*** Data provided Section Begins ***
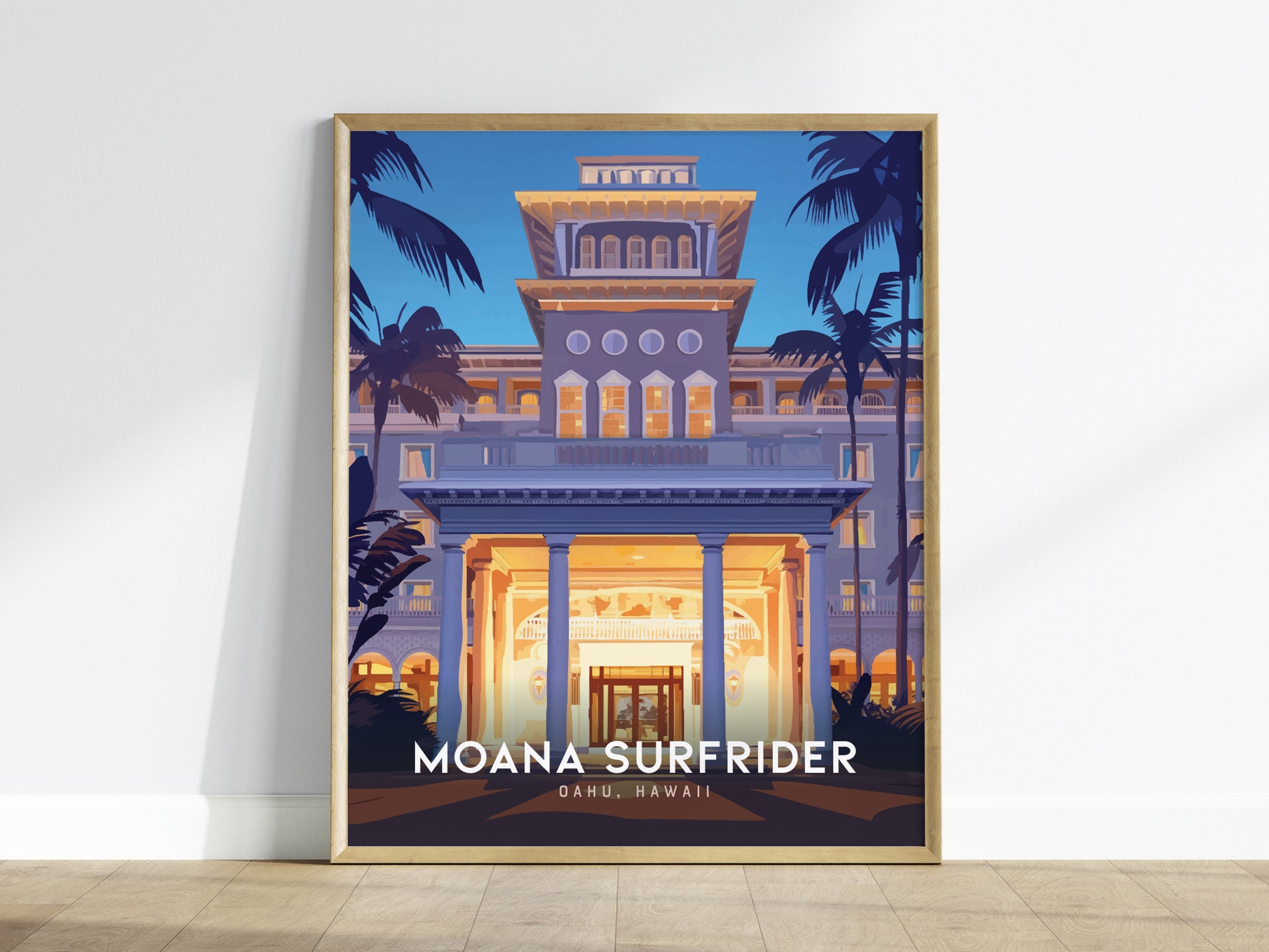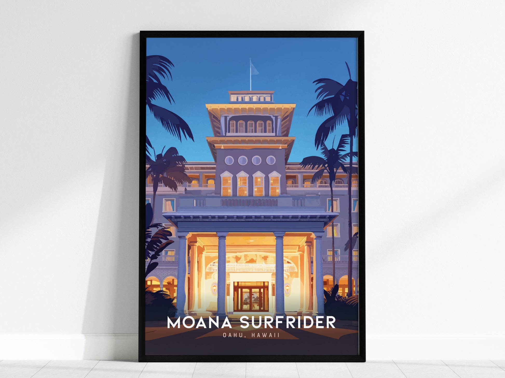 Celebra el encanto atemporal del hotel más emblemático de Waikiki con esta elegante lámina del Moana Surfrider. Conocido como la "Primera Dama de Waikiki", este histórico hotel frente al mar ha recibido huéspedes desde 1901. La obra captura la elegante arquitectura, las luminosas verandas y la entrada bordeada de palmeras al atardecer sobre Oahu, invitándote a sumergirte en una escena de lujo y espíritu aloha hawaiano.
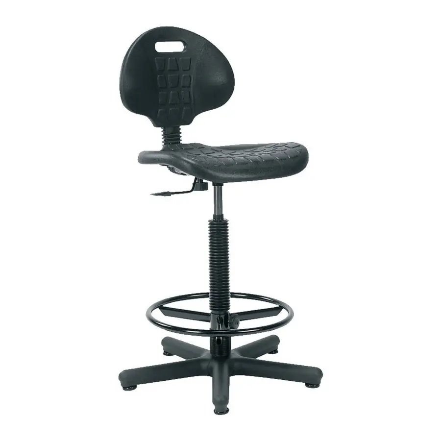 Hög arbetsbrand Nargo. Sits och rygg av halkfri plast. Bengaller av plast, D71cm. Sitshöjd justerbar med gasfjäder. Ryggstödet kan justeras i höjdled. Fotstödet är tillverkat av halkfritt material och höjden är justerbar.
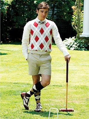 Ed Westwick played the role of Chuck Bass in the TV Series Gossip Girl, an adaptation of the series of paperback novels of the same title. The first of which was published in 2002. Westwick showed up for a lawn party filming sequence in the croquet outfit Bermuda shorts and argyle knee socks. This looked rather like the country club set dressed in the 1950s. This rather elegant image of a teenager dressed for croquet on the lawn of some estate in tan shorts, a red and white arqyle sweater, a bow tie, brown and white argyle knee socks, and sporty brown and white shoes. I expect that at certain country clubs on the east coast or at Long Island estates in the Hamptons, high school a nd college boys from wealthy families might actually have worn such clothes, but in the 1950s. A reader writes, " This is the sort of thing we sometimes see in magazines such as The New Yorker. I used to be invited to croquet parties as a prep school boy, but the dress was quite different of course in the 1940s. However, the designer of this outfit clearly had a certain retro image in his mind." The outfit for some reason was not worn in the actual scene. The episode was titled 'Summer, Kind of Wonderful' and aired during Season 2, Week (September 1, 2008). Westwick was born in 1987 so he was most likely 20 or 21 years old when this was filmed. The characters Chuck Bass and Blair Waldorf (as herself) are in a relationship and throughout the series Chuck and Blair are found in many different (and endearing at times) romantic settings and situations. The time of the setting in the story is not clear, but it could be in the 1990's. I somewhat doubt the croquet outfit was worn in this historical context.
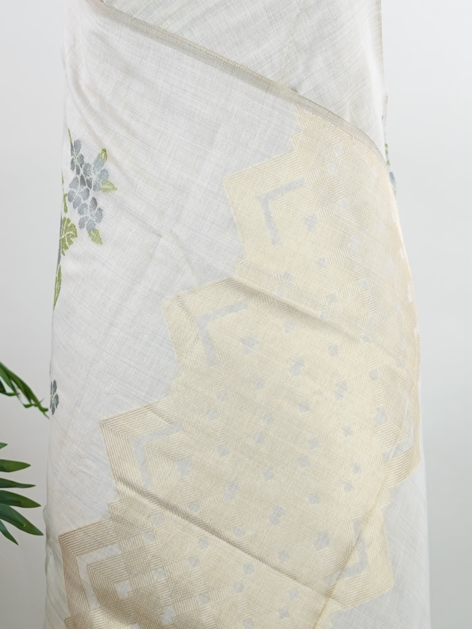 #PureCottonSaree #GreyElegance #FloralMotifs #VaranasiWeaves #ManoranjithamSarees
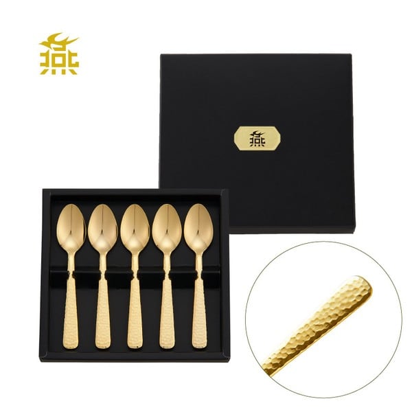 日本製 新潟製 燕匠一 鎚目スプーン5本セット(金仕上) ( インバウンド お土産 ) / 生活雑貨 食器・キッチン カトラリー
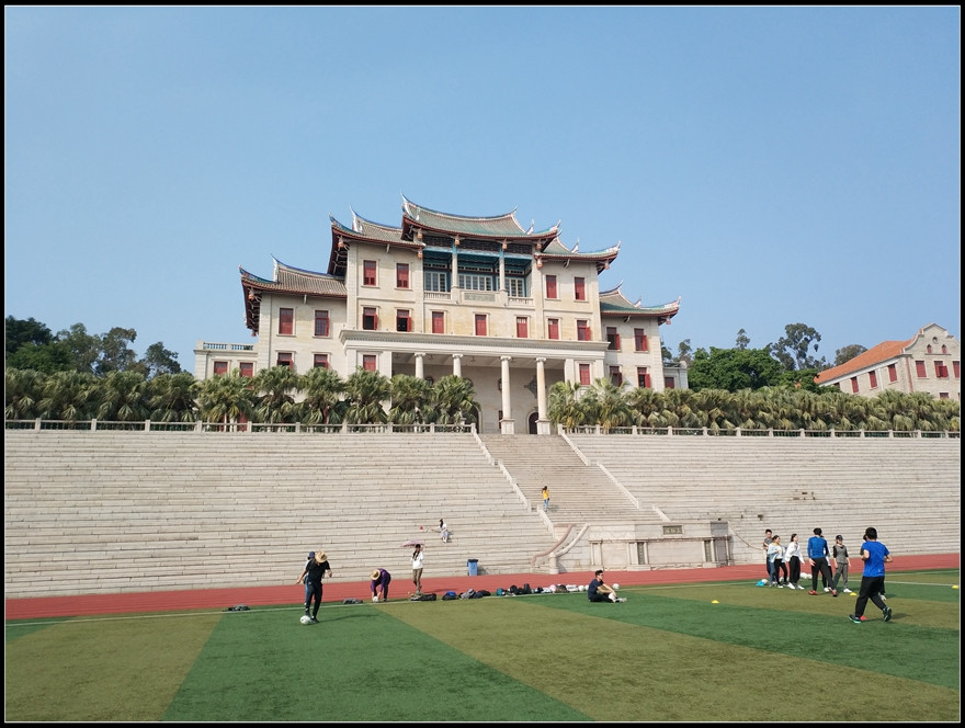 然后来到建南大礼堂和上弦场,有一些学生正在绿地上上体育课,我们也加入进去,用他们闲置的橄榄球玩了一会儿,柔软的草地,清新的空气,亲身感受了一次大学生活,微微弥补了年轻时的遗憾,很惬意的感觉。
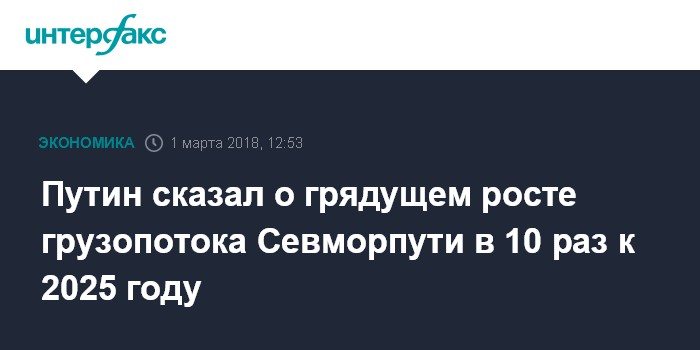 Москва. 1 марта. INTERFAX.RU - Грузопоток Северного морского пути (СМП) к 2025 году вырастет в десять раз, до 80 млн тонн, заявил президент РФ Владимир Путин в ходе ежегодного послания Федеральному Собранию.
*** Data provided Section Ends ***
*** Data provided Section Begins ***
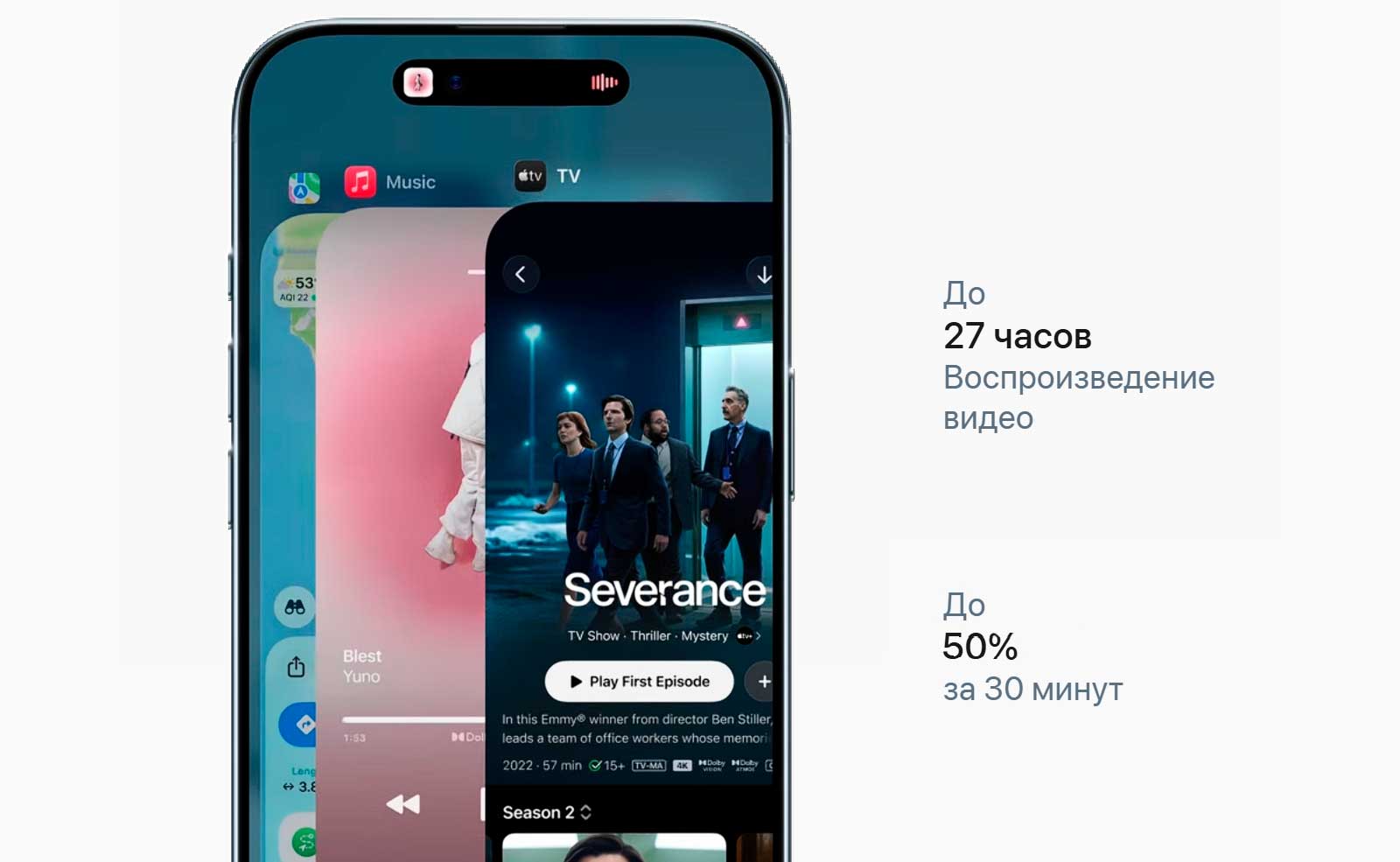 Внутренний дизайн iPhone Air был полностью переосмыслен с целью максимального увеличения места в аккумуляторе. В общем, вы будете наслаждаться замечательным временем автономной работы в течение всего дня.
*** Data provided Section Ends ***
*** Data provided Section Begins ***
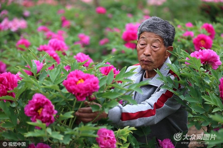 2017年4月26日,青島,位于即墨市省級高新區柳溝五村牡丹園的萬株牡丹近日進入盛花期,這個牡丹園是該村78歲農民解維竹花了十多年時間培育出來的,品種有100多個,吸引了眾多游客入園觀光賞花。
*** Data provided Section Ends ***
> [What to do]: Working from the entries above, please transcribe only the lines from the line with "Celebra el encanto" through the line with "Hög arbetsbrand Nargo.", exactly, with both end lines and without pictures.

> [Solution]:
 Celebra el encanto atemporal del hotel más emblemático de Waikiki con esta elegante lámina del Moana Surfrider. Conocido como la "Primera Dama de Waikiki", este histórico hotel frente al mar ha recibido huéspedes desde 1901. La obra captura la elegante arquitectura, las luminosas verandas y la entrada bordeada de palmeras al atardecer sobre Oahu, invitándote a sumergirte en una escena de lujo y espíritu aloha hawaiano.
 Hög arbetsbrand Nargo. Sits och rygg av halkfri plast. Bengaller av plast, D71cm. Sitshöjd justerbar med gasfjäder. Ryggstödet kan justeras i höjdled. Fotstödet är tillverkat av halkfritt material och höjden är justerbar.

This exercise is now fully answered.